Exercise details: Only one span of the material below is wanted. Output it exactly, from the line with "藍の縞の浴衣の粒 琉球ガラス ピアス" through the line with "Select on the parameter", without any pictures.

Source data:
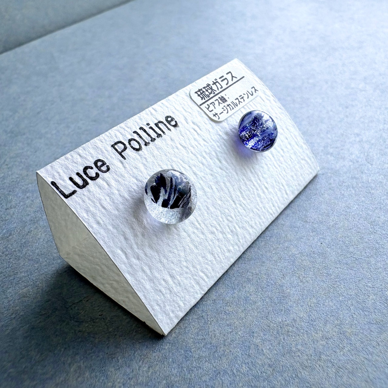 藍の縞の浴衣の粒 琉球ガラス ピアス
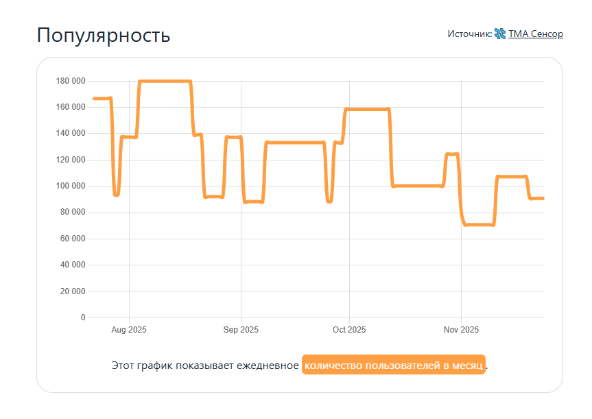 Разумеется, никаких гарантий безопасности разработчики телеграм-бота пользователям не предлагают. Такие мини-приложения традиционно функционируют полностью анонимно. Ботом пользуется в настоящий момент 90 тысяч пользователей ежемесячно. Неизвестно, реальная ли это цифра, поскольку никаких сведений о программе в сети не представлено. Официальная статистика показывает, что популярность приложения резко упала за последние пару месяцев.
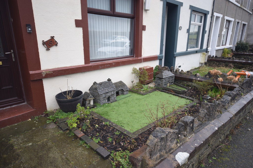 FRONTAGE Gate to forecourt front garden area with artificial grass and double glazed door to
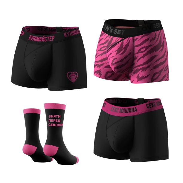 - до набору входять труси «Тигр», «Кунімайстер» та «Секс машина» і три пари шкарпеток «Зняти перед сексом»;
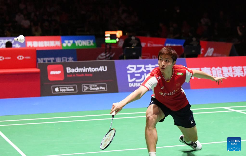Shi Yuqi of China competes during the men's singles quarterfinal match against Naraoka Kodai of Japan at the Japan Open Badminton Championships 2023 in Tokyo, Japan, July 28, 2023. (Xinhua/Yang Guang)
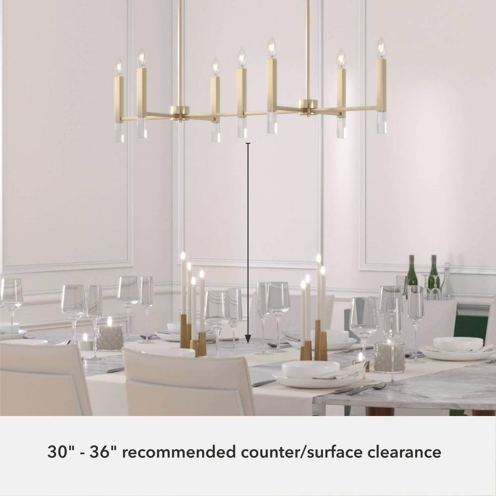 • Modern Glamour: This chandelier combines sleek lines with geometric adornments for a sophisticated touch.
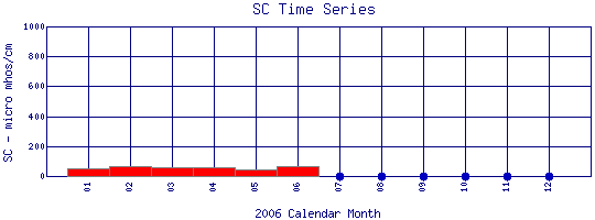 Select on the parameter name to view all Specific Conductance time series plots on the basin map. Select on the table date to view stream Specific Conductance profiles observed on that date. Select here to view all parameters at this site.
...
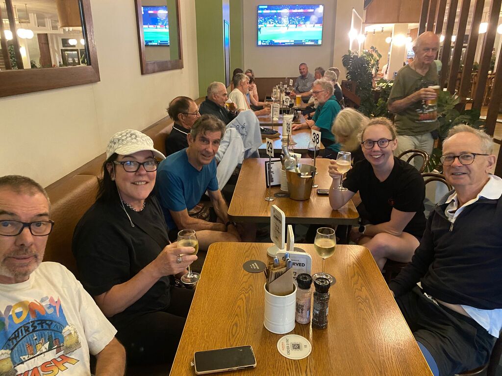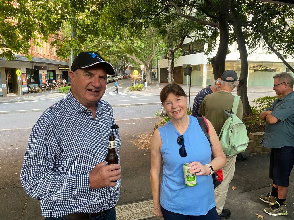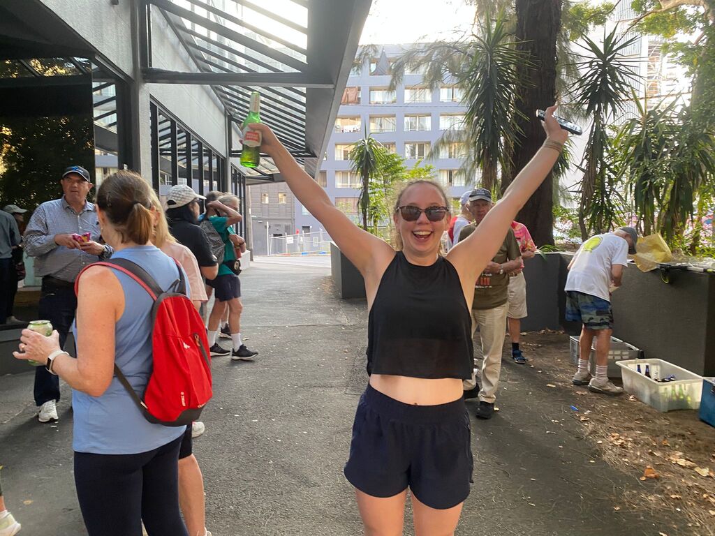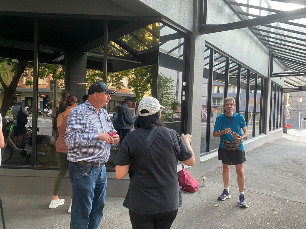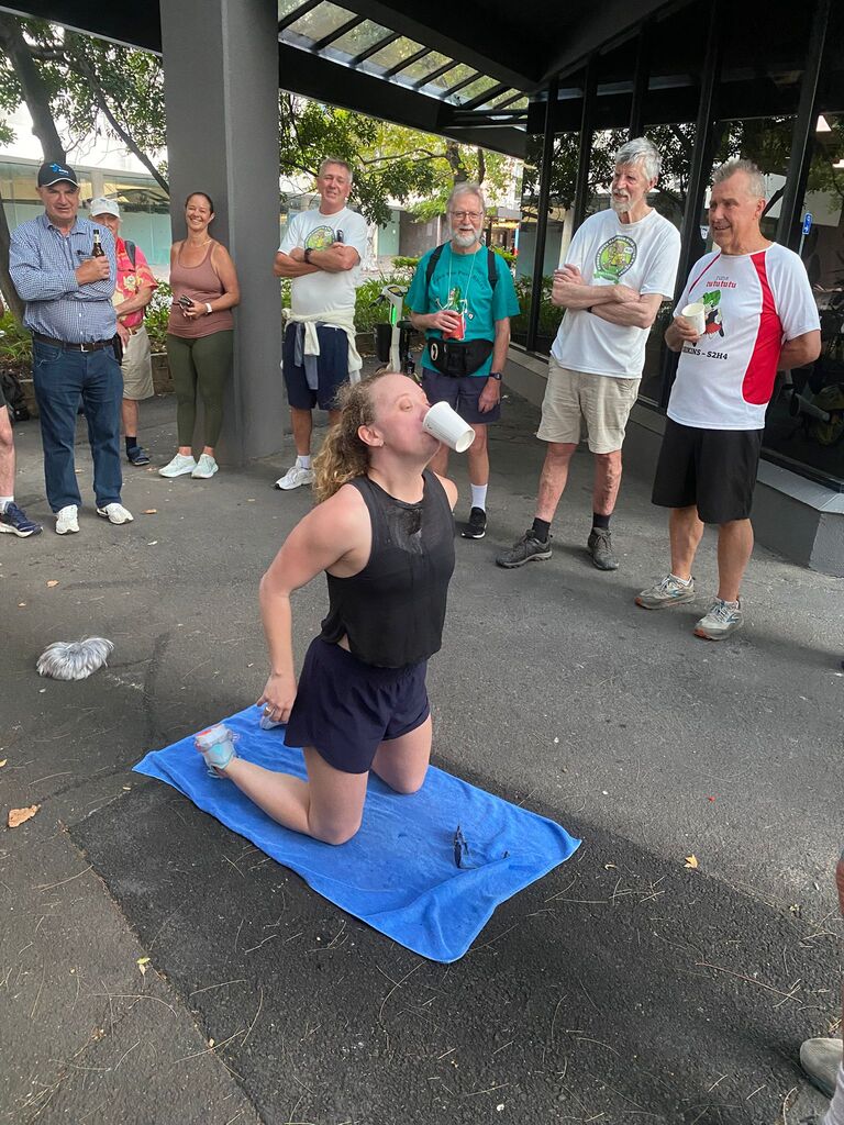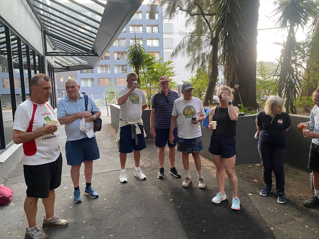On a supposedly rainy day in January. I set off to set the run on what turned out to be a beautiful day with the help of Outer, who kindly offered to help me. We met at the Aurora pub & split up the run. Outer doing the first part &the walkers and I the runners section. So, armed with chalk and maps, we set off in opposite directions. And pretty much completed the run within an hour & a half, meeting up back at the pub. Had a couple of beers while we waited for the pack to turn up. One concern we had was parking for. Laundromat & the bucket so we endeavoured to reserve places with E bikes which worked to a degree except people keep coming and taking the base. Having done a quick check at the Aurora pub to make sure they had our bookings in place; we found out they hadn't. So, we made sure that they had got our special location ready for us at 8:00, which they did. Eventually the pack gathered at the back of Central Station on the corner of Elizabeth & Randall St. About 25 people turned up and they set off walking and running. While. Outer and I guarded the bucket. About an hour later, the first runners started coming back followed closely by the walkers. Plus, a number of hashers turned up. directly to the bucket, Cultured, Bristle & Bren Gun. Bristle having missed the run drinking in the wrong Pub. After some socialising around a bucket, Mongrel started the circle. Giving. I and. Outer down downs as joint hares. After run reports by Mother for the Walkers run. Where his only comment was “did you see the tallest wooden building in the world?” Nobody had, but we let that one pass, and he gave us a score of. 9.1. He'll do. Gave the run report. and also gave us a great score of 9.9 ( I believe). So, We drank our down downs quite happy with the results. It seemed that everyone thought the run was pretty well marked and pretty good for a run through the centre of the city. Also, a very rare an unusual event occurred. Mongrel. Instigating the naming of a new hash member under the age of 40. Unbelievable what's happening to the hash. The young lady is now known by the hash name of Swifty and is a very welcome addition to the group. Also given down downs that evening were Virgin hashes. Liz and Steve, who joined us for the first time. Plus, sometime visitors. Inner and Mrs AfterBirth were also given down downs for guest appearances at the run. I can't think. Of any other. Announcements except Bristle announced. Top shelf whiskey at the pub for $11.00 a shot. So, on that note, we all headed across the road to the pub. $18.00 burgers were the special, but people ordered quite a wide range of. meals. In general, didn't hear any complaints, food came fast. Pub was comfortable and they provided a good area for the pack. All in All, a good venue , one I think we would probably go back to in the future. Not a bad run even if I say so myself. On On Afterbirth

Response to this exercise:
 藍の縞の浴衣の粒 琉球ガラス ピアス
 Разумеется, никаких гарантий безопасности разработчики телеграм-бота пользователям не предлагают. Такие мини-приложения традиционно функционируют полностью анонимно. Ботом пользуется в настоящий момент 90 тысяч пользователей ежемесячно. Неизвестно, реальная ли это цифра, поскольку никаких сведений о программе в сети не представлено. Официальная статистика показывает, что популярность приложения резко упала за последние пару месяцев.
 FRONTAGE Gate to forecourt front garden area with artificial grass and double glazed door to
 - до набору входять труси «Тигр», «Кунімайстер» та «Секс машина» і три пари шкарпеток «Зняти перед сексом»;
Shi Yuqi of China competes during the men's singles quarterfinal match against Naraoka Kodai of Japan at the Japan Open Badminton Championships 2023 in Tokyo, Japan, July 28, 2023. (Xinhua/Yang Guang)
 • Modern Glamour: This chandelier combines sleek lines with geometric adornments for a sophisticated touch.
 Select on the parameter name to view all Specific Conductance time series plots on the basin map. Select on the table date to view stream Specific Conductance profiles observed on that date. Select here to view all parameters at this site.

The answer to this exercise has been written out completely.